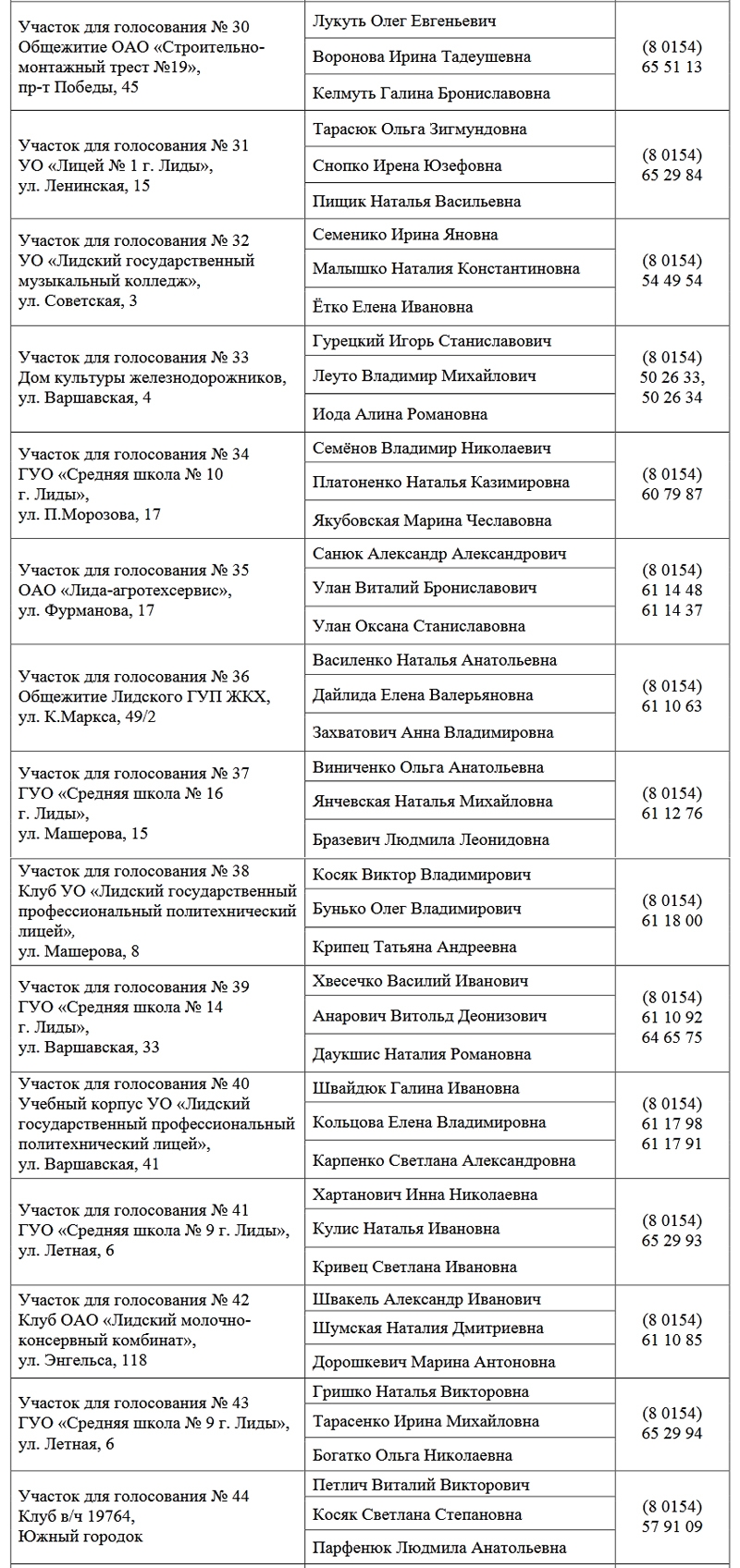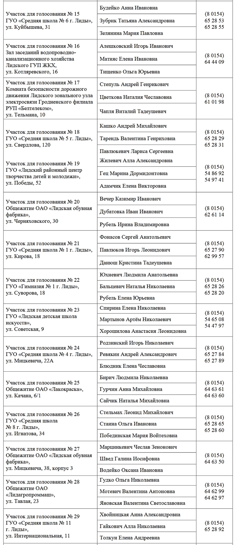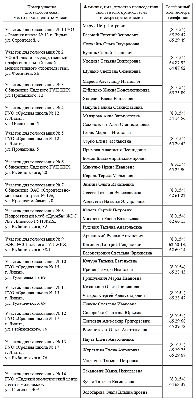 Списки членов избирательных комиссий, а также сведения о местонахождении и номерах телефонов участковых избирательных комиссий в Лиде для голосования за кандидатов в президенты РБ на выборах-2020.
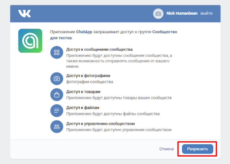 5. Выберите группу и нажмите «Разрешить».
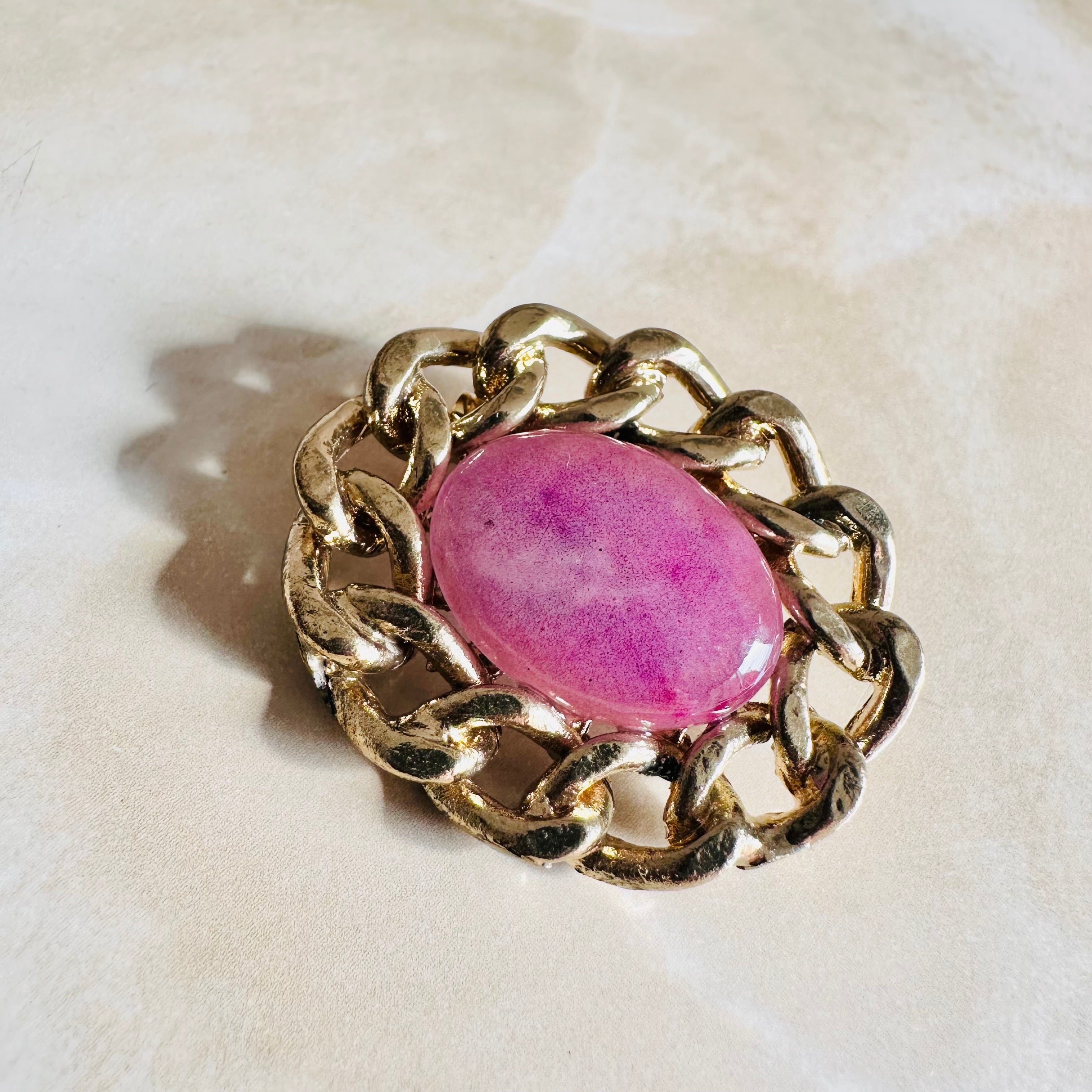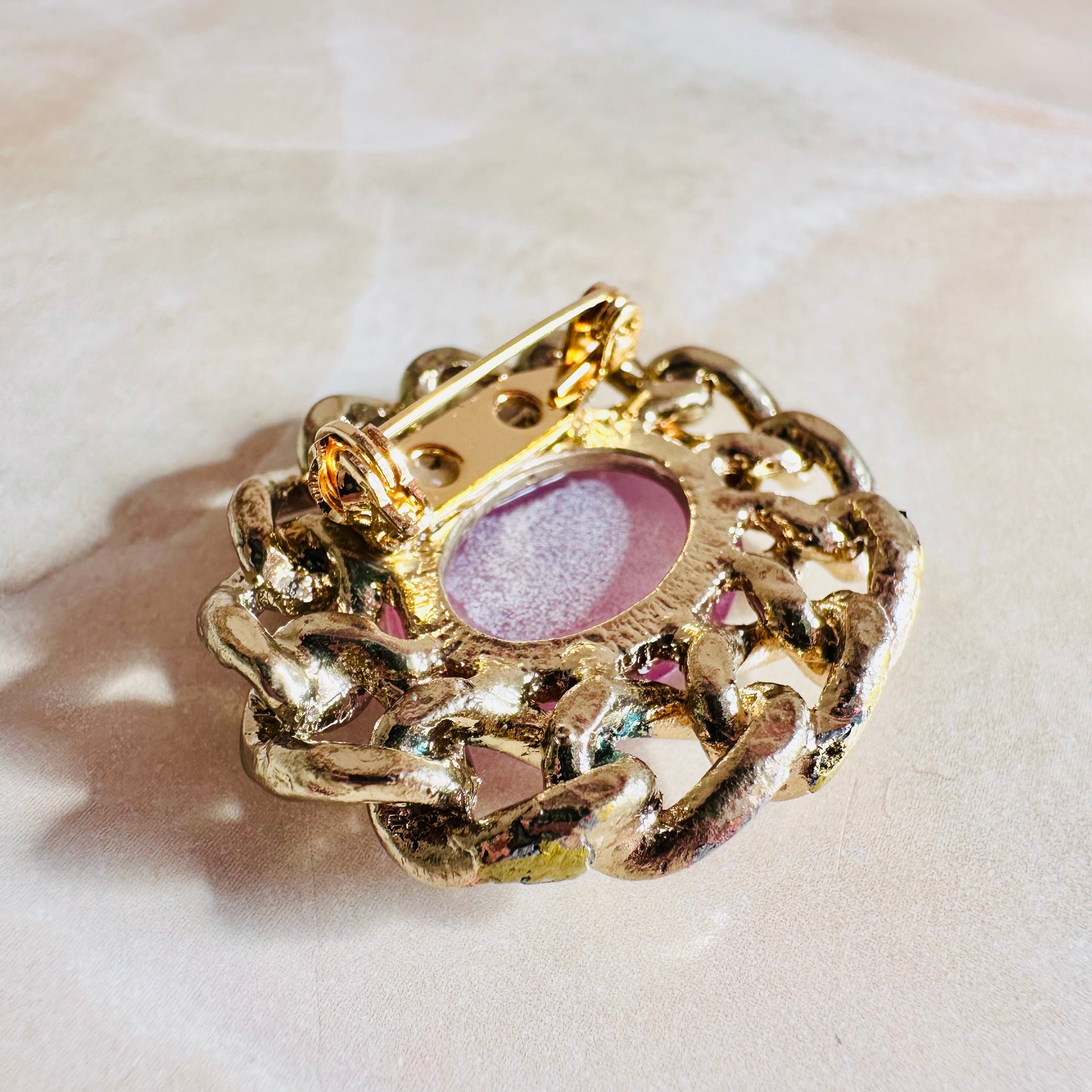 ピンク✖️アンティークゴールドカラーのブローチです。
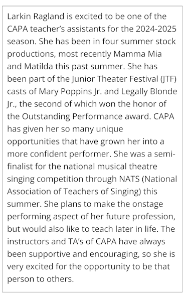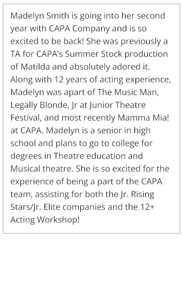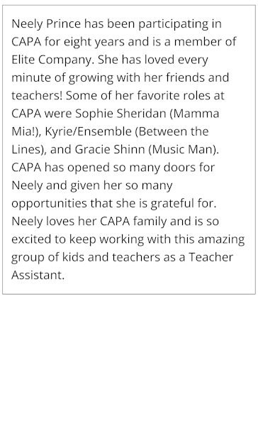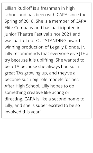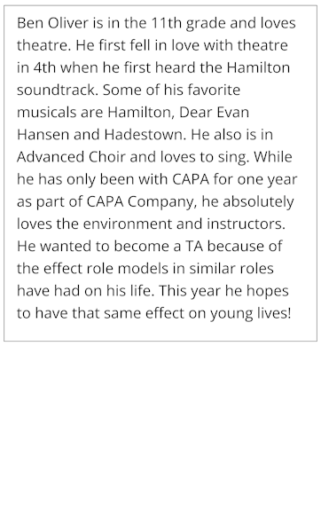 This opportunity is for high school students ages 13-18 who have completed at least one season in a CAPA Company and wish to be considered for a Teacher Assistant (TA) position. The TA role provides opportunities for leadership development and/or partial tuition assistance for CAPA Company participation.
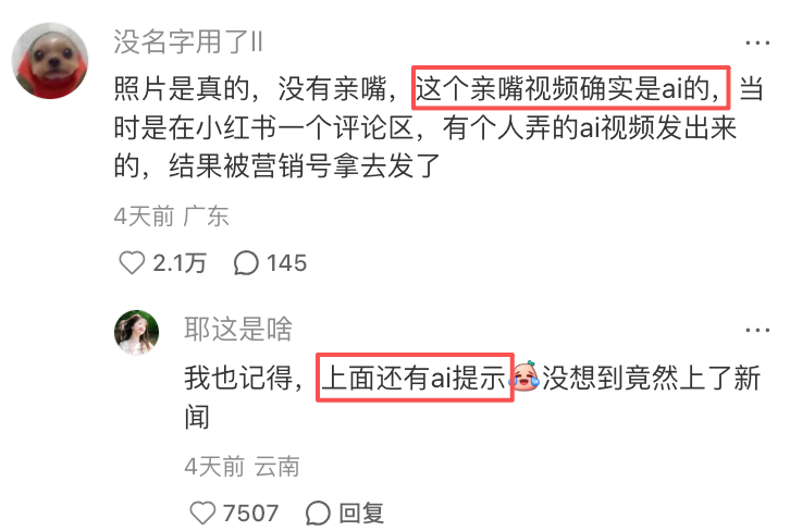 也有人说照片虽然是真的,但后半段的亲热镜头是AI生成的;

....

* **GOAL OF THE EXERCISE**
Skip the images and restate each record above word for word.

* **ANSWER BELOW**
 Списки членов избирательных комиссий, а также сведения о местонахождении и номерах телефонов участковых избирательных комиссий в Лиде для голосования за кандидатов в президенты РБ на выборах-2020.
 5. Выберите группу и нажмите «Разрешить».
 ピンク✖️アンティークゴールドカラーのブローチです。
 This opportunity is for high school students ages 13-18 who have completed at least one season in a CAPA Company and wish to be considered for a Teacher Assistant (TA) position. The TA role provides opportunities for leadership development and/or partial tuition assistance for CAPA Company participation.
 也有人说照片虽然是真的,但后半段的亲热镜头是AI生成的;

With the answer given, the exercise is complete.